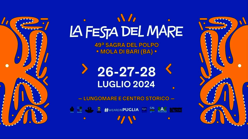 Festa del Mare a Mola di Bari con la 49esima Sagra del Polpo, braci accese e concerti sul lungomare e nel centro storico. Alla manifestazione sarà presente una postazione dedicata ai celiaci, a cura di Il Pirata Gourmet, dove si potranno degustare panini senza glutine farciti con il polpo.
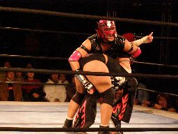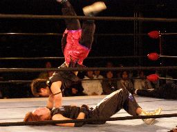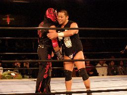 東郷HAYATAにペディグリーからコーナーに上る、HANZOがデッドリードライヴ(右写真)。
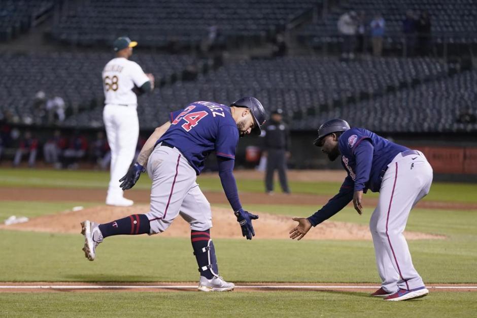 Minnesota Twins’ Gary Sanchez, bottom left, is congratulated by third base coach Tommy Watkins after hitting a home run off of Oakland Athletics pitcher Domingo Acevedo, rear at the Oakland Coliseum on Mon May 16, 2022 (AP News photo)

What is required
Wherever an image sits in the data, omit it; everything else must be copied exactly.

Result of the task
 Festa del Mare a Mola di Bari con la 49esima Sagra del Polpo, braci accese e concerti sul lungomare e nel centro storico. Alla manifestazione sarà presente una postazione dedicata ai celiaci, a cura di Il Pirata Gourmet, dove si potranno degustare panini senza glutine farciti con il polpo.
 東郷HAYATAにペディグリーからコーナーに上る、HANZOがデッドリードライヴ(右写真)。
 Minnesota Twins’ Gary Sanchez, bottom left, is congratulated by third base coach Tommy Watkins after hitting a home run off of Oakland Athletics pitcher Domingo Acevedo, rear at the Oakland Coliseum on Mon May 16, 2022 (AP News photo)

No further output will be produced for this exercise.